Series.__getitem__ treating keys as positions is deprecated. In a future version, integer keys will always be treated as la

In [None]:
attention_col = "Attrition"
numerical_cols = cleanDf.select_dtypes(include=["number"]).columns

# sepearate discrete and continuous numerical
discrete_cols = [col for col in numerical_cols if cleanDf[col].nunique() <= 10]
continuous_cols = [col for col in numerical_cols if cleanDf[col].nunique() > 10]

# violin subplots
def create_violin_subplots(cols, df, title):
    cols_per_row = 2
    num_cols = len(cols)
    num_rows = (num_cols + cols_per_row - 1) // cols_per_row

    fig = make_subplots(
        rows=num_rows,
        cols=cols_per_row,
        subplot_titles=cols,
        vertical_spacing=0.05,
        horizontal_spacing=0.1
    )

    for i, col in enumerate(cols):
        row = i // cols_per_row + 1
        col_position = i % cols_per_row + 1

        fig.add_trace(
            go.Violin(
                y=df[col],
                x=df[attention_col],
                box_visible=True,
                points=False,           
                meanline_visible=True,
                name=col
            ),
            row=row,
            col=col_position
        )

    fig.update_layout(
        height=300*num_rows,
        width=1200,
        showlegend=False,
        title_text=title
    )
    fig.show()

# continuous numerical columns
create_violin_subplots(continuous_cols, cleanDf, "Continuous Numerical Features by Attrition")

In [78]:
# Discrete numerical columns
create_violin_subplots(discrete_cols, cleanDf, "Discrete Numerical Features by Attrition")

# Insights 

## Insight 1
The features that most strongly influence employee attrition are:

1. JobRole
    - Certain roles, such as Sales Representative, show higher attrition rates.
    - Attrition rate for Sales Representative: 0.40
    - ANOVA p-value: 0.000

2. OverTime
    - Employees working overtime (Yes) are more likely to leave.
    - Attrition rate for Yes: 0.31
    - ANOVA p-value: 0.000

3. MaritalStatus
    - Single employees tend to leave more often than married or divorced employees.
    - Attrition rate for Single: 0.26
    - ANOVA p-value: 0.000

4. BusinessTravel
    - Travel_Frequently employees leave more often than Non-Travel or Travel_Rarely.
    - Attrition rate for Travel_Frequently: 0.25
    - ANOVA p-value: 0.000


## Insight 2

The following features are likely to influence employee attrition, though their effects are slightly weaker than the top features:

1. Education Field
    - Employees studying Human Resources are more likely to leave.
    - Attrition rate for Human Resources: 0.26
    - ANOVA p-value: 0.0067

2. Job Level
    - Lower job levels are associated with higher attrition.
    - Correlation with Attrition: -0.17 (slightly negative)
    - Violin plots indicate higher attrition among employees in lower job levels.

3. Monthly Income
    - Employees with lower monthly income tend to leave more frequently.
    - Correlation with Attrition: -0.16 (slightly negative)
    - Violin plots visually support this trend.

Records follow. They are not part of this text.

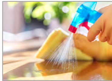
Nous avons la propreté à cœur
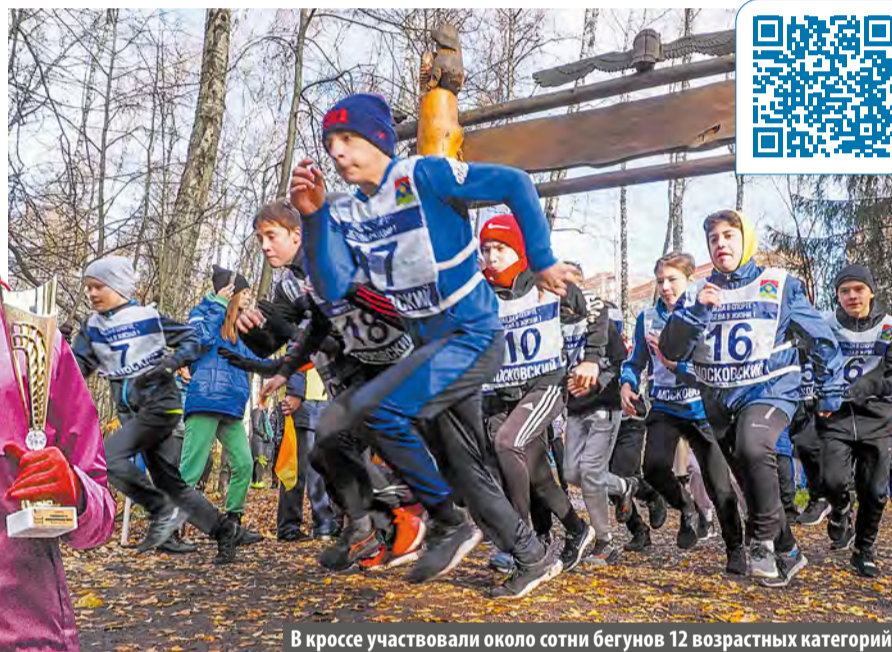
В кроссе участвовали около сотни бегунов 12 возрастных категорий

говым соревнованиям, с теми, кто еще совсем новичок в беге. – Я бегаю, когда есть время. Иногда через день по пять километров, а порой из-за загруженности на работе получается выбраться на пробежку всего раз в месяц. Но очень люблю
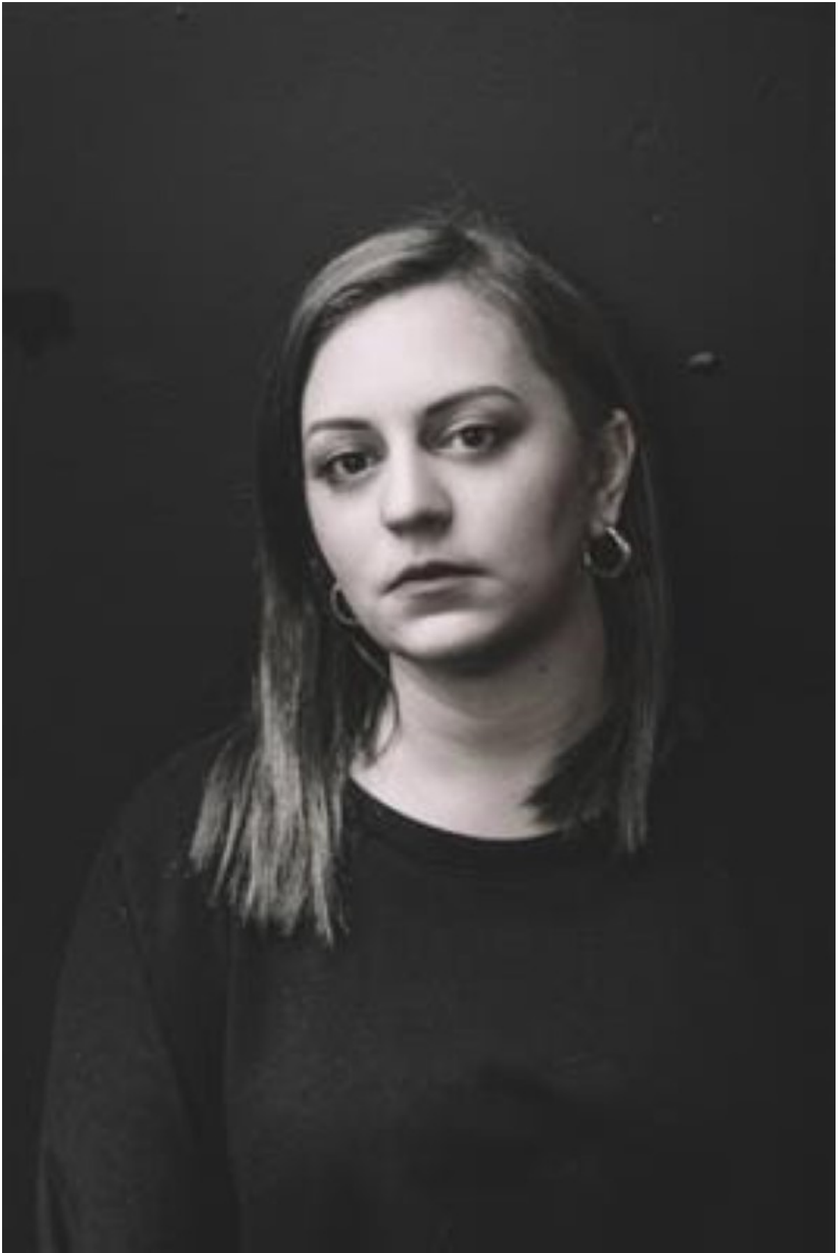
THESSNA ... , ΣΥΝΕΝΤΕΥΞΕΙΣ By ΚΑΤΕΡΙΝΑ ΧΑΤΖΗΚΩΝΣΤΑΝΤΙΝΟΥ 22
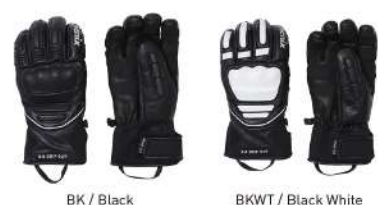
BK / Black BKWT / Black White
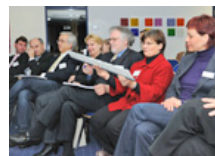
Weckte Publikumsinteresse: die Bürste zum Reinigen für Rinderhufklauen.
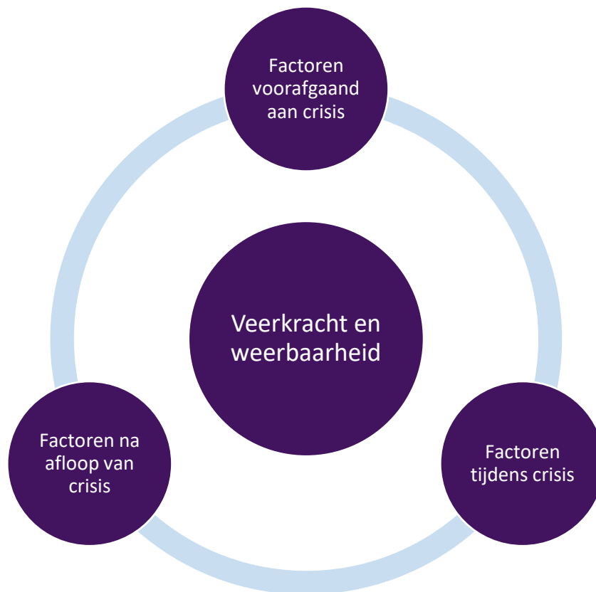
Figuur 1. Voor, tijdens en na crises: veerkracht en weerbaarheid als cyclus
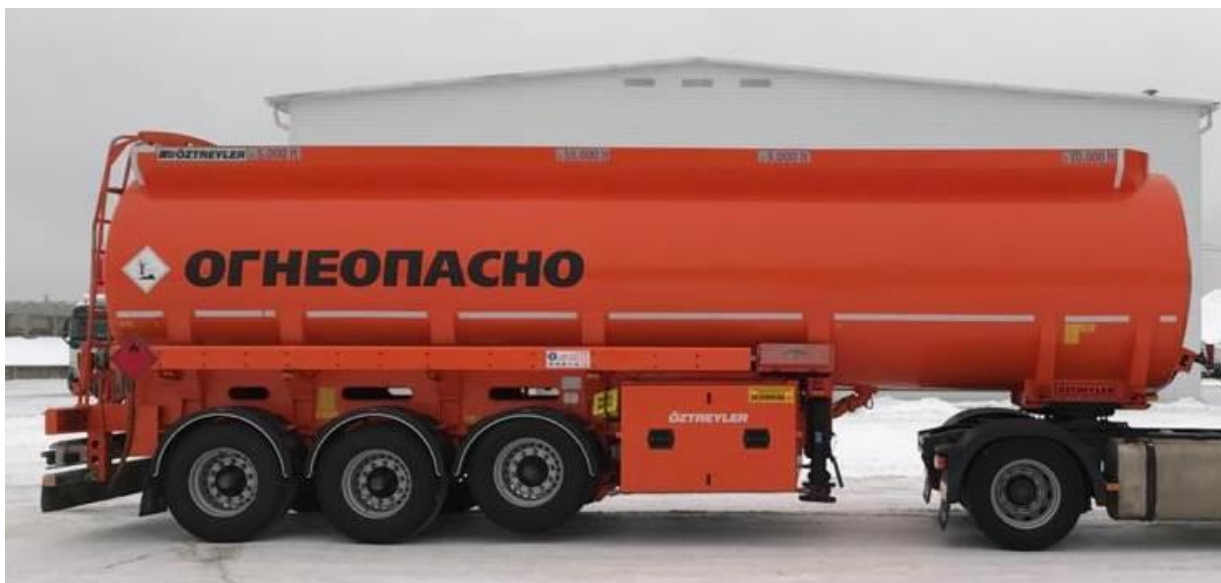
Рисунок 1 – Общий вид полуприцепа-цистерны OZTRAYLER OZT

Схема пломбировки для защиты от несанкционированного изменения положения указателя уровня налива, обозначение места нанесения знака поверки представлены на рисунке 2.
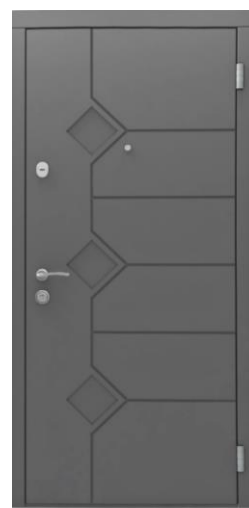
Модель - 01470
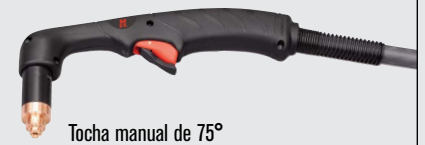
Tocha manual de 75°

(para mais opções de tochas, visite www.hypertherm.com )
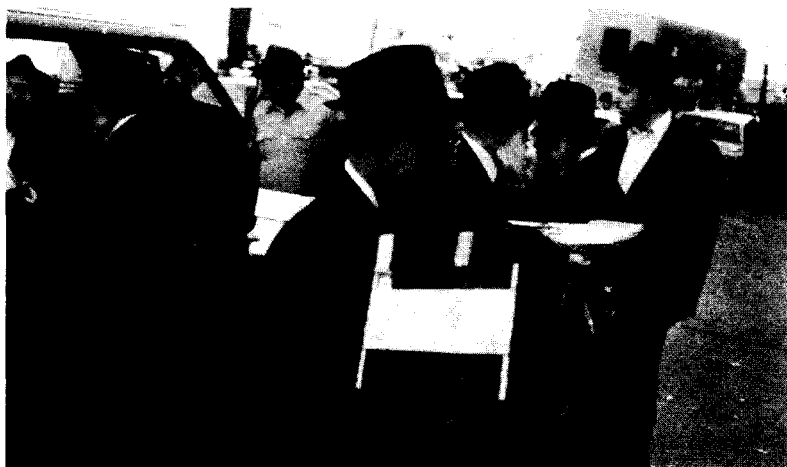
הספרים חוזרים ל-770

השמועה אומרת כי במזכירות קיבלו הוראה שבאם יגיעו הספרים משך זמן שהותו של הרבי שליט"א באוהל, ישלחו כמה מהם לשם. כשעה לאחר מכן הגיעו הספרים (בתוך רכב מסחרי, מלווה בעוד כמה מכוניות) הם הובאו בארגזים, שלושה-עשר במספר, ושקית ניילון נוספת.
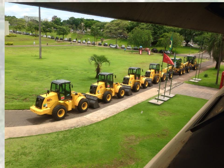
Aquisição de Maquinários
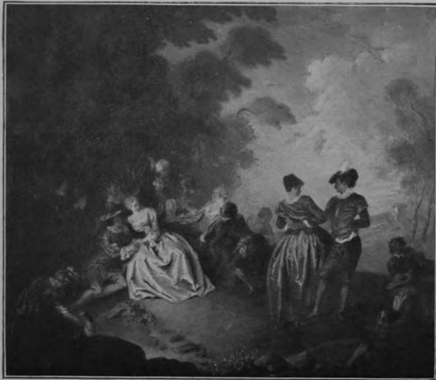
29334 JEAN-BAPTISTE PATER.
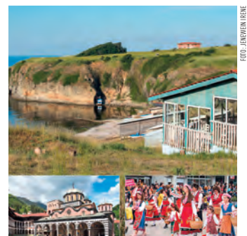
Bulgariens Kultur und Landschaft präsentiert sich äußerst vielfältig.
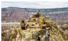
นครใต้ดิน

4. Tenure-related features
    - Total Working Years, Age, Years with Current Manager, and Years in Current Role
    - Lower values in these features are associated with higher attrition.
    - Slightly negative for all tenure-related features, ranging from -0.16, with Total Working Years showing the strongest negative correlation at -0.17.
    - Violin plots show higher attrition rates for employees with lower tenure and experience.

## Insight 3
The following features slightly influence employee attrition:

1. Job Satisfaction & Environment Satisfaction
    - Employees with lower job satisfaction or lower environment satisfaction tend to have higher attrition rates.
    - Violin plots clearly show that attrition is concentrated among employees with lower satisfaction scores.

2. Daily Rate & Hourly Rate
    - Employees with lower daily or hourly rates are slightly more likely to leave.
    - Violin plots indicate higher attrition among employees with lower pay rates.

## Insight 4

The following features appear to have little or no influence on employee attrition:

1. Salary Hike
2. Stock Option Level
3. Training Times Last Year
4. Relationship Satisfaction

Analysis and visualizations indicate that variations in these features do not significantly affect attrition rates.